Object History, TRefs and PointerWrappers

Allpix Squared uses ROOTs TRef objects to store the persistent links of the simulation object history. These references act similar to C pointers and allow accessing the referenced object directly without additional bookkeeping or lookup of indices. Furthermore they persist when being written to a ROOT file and read back to memory. ROOT implements this via a central lookup table that keeps track of the referenced objects and their location in memory as described in the ROOT documentation.

This approach comes with some drawbacks, especially in multithreaded environments. Most importantly the lookup table is a global object, which means mutexes are required for accessing it. Multiple threads generating or using TRef references will have to share this mutex and will consequently be subject to significant waiting for lock release. Furthermore generating more and more TRef relations over the course of a simulation will increase the size of the central reference table. This table is initialized with a fixed size, and once the number of TRef objects outgrows this pre-allocated space, new memory has to be acquired, leading to a reallocation of memory for the entire new size of the table. With potentially millions of entries, this quickly becomes a computationally expensive operation, slowing down the simulation significantly.

Allpix Squared solves these limitations by wrapping the TRef objects into a class called PointerWrapper. It contains both a direct, but transitional C pointer and a TRef to the referenced object. The latter, however, is only generated when required, i.e. if the object holding the PointerWrapper as well as referenced object are going to be written to file. This is achieved by first going through all relevant objects, marking them for storage:

for(auto& object : objects) {
    object.markForStorage();
}

Now, the required history references can be identified and TRef objects are generated only for relations between two objects that are both marked for storage:

for(auto& object : objects) {
    object.petrifyHistory();
}

Objects can now be written to file and will contain the persistent reference to the related object.

This approach solves the above problems. File writing has to be performed single-threaded anyway, so generating TRef objects on the same thread does not lead to additional locking of the central reference table mutex in root. In addition, TRef entries are only generated and stored in the table for objects that require it - all references to objects not to be stored will be nullptr in either case since the target object is not available anymore when reading in the data. Since now the generation of TRef objects and access to the reference table is performed by a single thread and one single event at a time, it is also possible to reset the ROOT-internal object ID of TRef references after the event has been processed.
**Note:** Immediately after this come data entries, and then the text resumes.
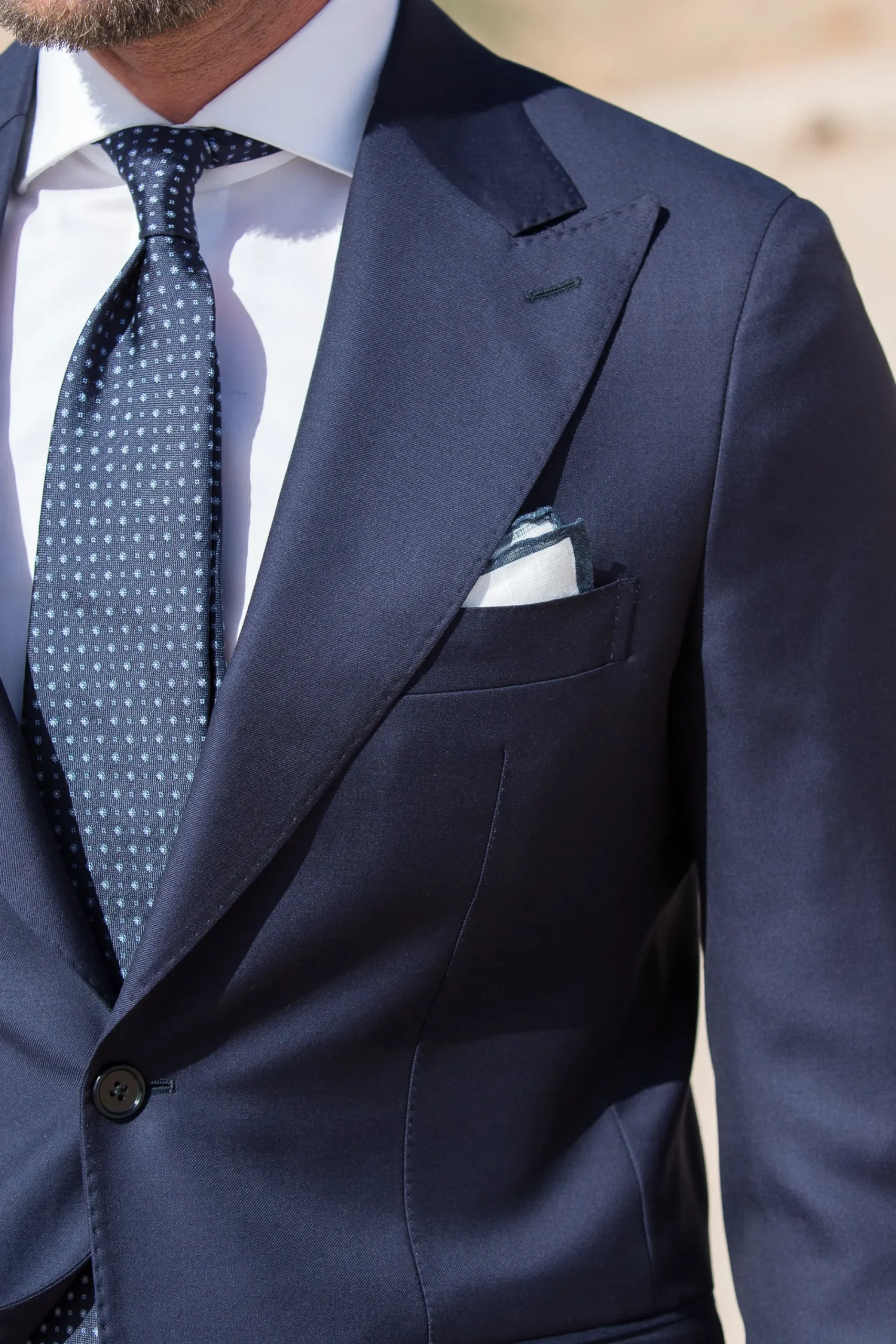 The Chest Pocket “Barchetta” (Small Boat) Is Cut With The Upper Corner Pronounced Recalling The Shape Of A Boat And Confers Harmonious Proportions At The Level Of The Chest.We Created For This Suit, A Tailored Trousers With Single Pleats, A High Waist, A Large Extended Tab Fastening Belt And The Side Adjusters.You Will Find The Quality Of The Details In The Side Pockets With Amf Stitching, The V-Shaped Slit In The Back Waistband, The Welt Back Pocket And The Small Change Pocket. We Have Left Extra Fabric Inside At The Seams, So As To Allow For Simple Alterations If Needed. This Allows For The Waist, Hips And Legs Be Let Out. The Cuff Is Left Long On Purpose So As To Allow It To Be Short, Long Or With Turn-Ups So Giving That Touch Of Individuality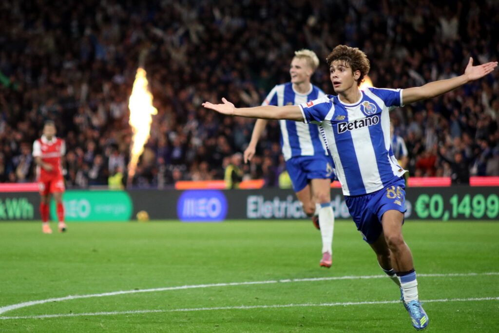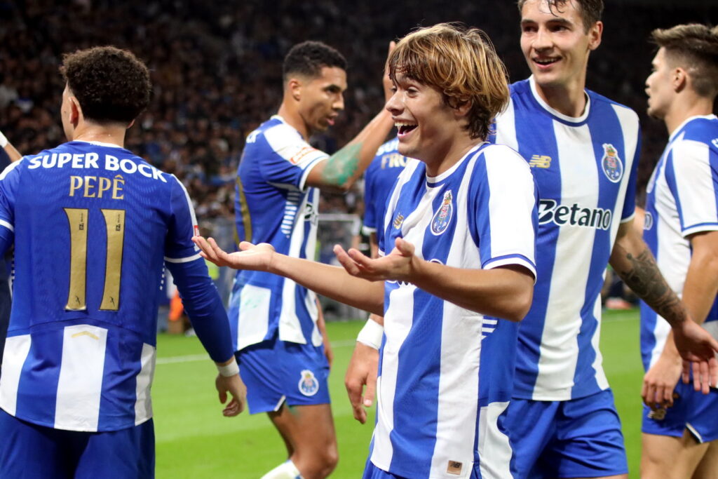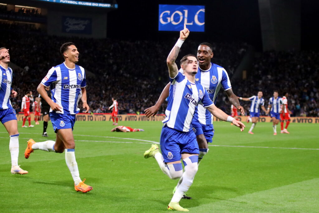 Equipa inicial do FC do Porto Ação na frente de ataque Gabri Veiga em ação o “pequeno” Mora a subir ao terceiro andar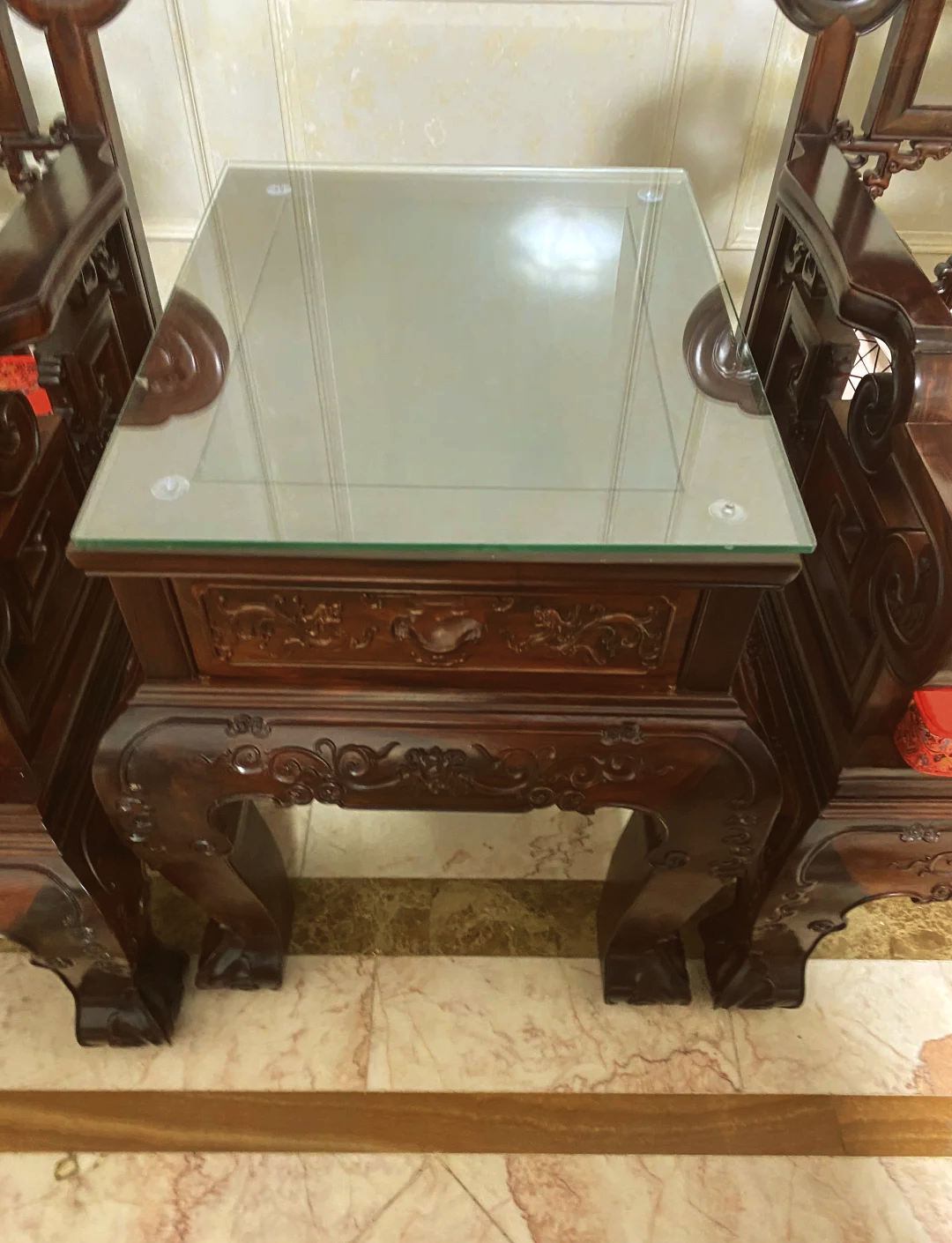 餐厅果然古老的很,大大的水晶吊灯,深棕色实木餐桌椅,精致的摆桌,西装革履的服务生,都彰显着餐厅的传统历史。同时此处是文物保护建筑,曾氏旧宅。

The subsequent event will reuse the same IDs again, preventing a continuous growth of the reference table and related memory re-allocation issues.

As a consequence, when reading objects back from file in a multithreaded environment, the TRef has to be converted back to a C memory pointer in the reading thread, both to prevent mixing of re-used TRef object IDs from different events and to avoid locking access to the central reference table when looking up the memory location from there. This is performed similarly to the generation of history relations, and here only relations to valid TRefs are loaded, other relations will hold a nullptr:

for(auto& object : objects) {
    object.loadHistory();
}

For single-threaded applications such as ROOT analysis macros, this step is not necessary and the reference will be lazy-loaded when accessed, i.e. the TRef reference will be converted to a direct raw pointer only when actually used. Since events are processed sequentially and memory is freed between events, no mixing of IDs occurs.